Tuesday, May 14, 2013

The Inner Journey, Part One:A Perspective of Reality


Our thoughts are a product of our perspective, which is formed on the basis of our experience, our inner reality. To live that reality is an incredibly unique individual journey, that truly nobody else in the world can quite replicate. Well, not unless they were sharing room and board in your body with your inner consciousness.


Sometimes though, we forget that not everybody's experience of it is the same. Maybe we find it more difficult to understand that, since the cold, material world based on fact and rationality, makes us side-step the truth of someone's experience and try to morph it so it becomes the same as ours. Suddenly there's a loss of authenticity of experience, since their experience has been moulded to ours (or vice versa). 

Each experience is one of a kind. When you transcend the individual experience you enter the realm of the collective consciousness we share through which we have manifested an external reality . The problem occurs when one person believes that they hold the scepter that decides that a certain perspective (the one that they support) should dominate not just the manifest reality but also the unmanifest-that which resides in the secret crevices of our soul. They are also wary of how while the physical outer world is shared, the inner world is an arena that holds the space for a personal fortress for our relationship within ourselves.  

Whether we'd like to admit it to ourselves, most of us, to a relative degree, try to subconsciously manipulate others into sharing the same perspective or vision of reality as us. We try to impose our belief systems and mechanisms on them, believing that because we were taught that it was this way, and the subconscious has decided to hold on to that pattern, we will superimpose our values about how the world should be (because we are right and our truth is the only sole truth) on their external reality. This, we believe, may actually result in their experience being literally the same as ours.

However, a human beings secret internal world is stashed away so deep inside, that if they decide upon, they can make it so that you will never be let in. For some, they manage to sustain this even at the risk of mental/physical/emotional torture (a more extreme example, but sadly not an outlandish one). That's where that line 'You can take  take away all I have but you can never take away my dignity' comes from. Only a person that has some semblance of an established sense of self, maintaining a relationship of authenticity with it, better heard of as 'being true to yourself' generally feels cause for dignity. 

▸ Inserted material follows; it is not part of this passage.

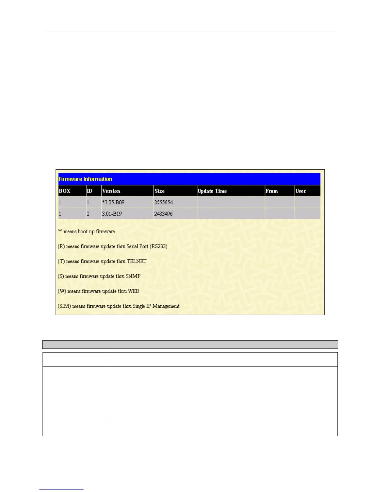 view information regarding firmware located on the Switch. The Switch allows two firmware images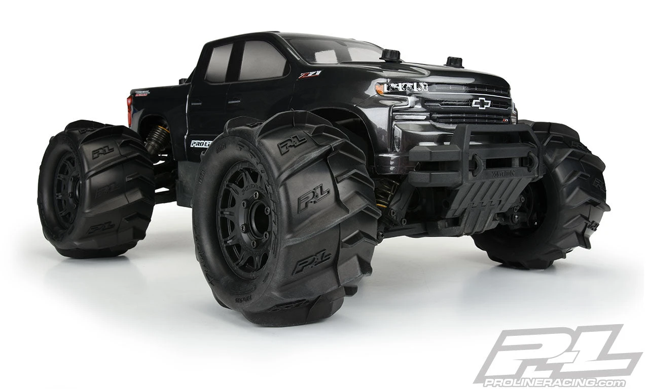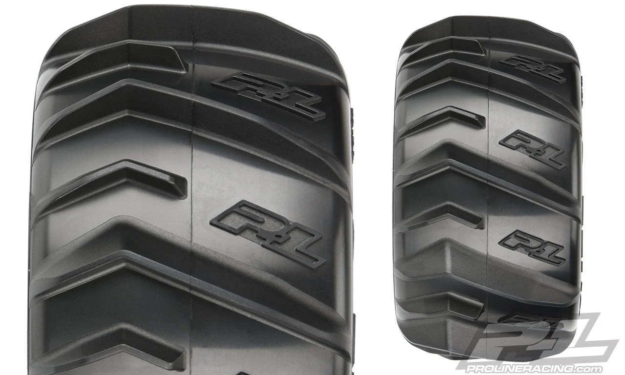 The Dumont 2.8″ tire uses the latest in paddle tread technology with large offset V-shaped paddles for maximum roosting power. Pro-Line P-L logos have been embedded into the tire carcass giving it the style that you have come to expect from Pro-Line. The Dumont Paddle tire gets its name from the incredible Dumont Sand Dunes in California, but these paddle tires are equally at home shredding your local snowfield in the winter. Don’t get stuck spinning your tires in the sand or snow. Get a set of pre-mounted Dumont Paddle tires for your 1:10 Monster Truck today!

People fear what they can't understand. This initiates a power struggle, that seeks to obliterate the others freedom of choice. This is because because to the one who lives in fear, it means that their reality would continue to be different, and it might bring about an even more varied experience for the collective, which would mean that nobody would have more control than anybody else. 

What a person doesn't understand, from their outlook, cannot be trusted. If people don't want to look within themselves, to understand themselves, they won't understand the connection that binds us all, despite the rich tapestry of the people's personal, hidden space. There is no sense of trust, not even in the way of trusting themselves. People who seek to gain control are driven crazy by this (this is what novels like Orville's 1984 are about) so they go to further and further measures to ensure that the person loses their connection to themselves- their inner creator- the essence of them where all thought and feeling come from- where imagination lives. Kill a persons imagination and poof- their connection to who they really are disappears. 

The proclivity for this to occur is not just true in it's incurrence of  on the field of politics and religion, but also scientific rationality and spiritualism, between nations and states, terrorist and victim. It extends to the realm of familial relationships, parent to child, child to parent, teacher to student. It exists between lovers, friends, mentors,peers (which is really what peer pressure is all about).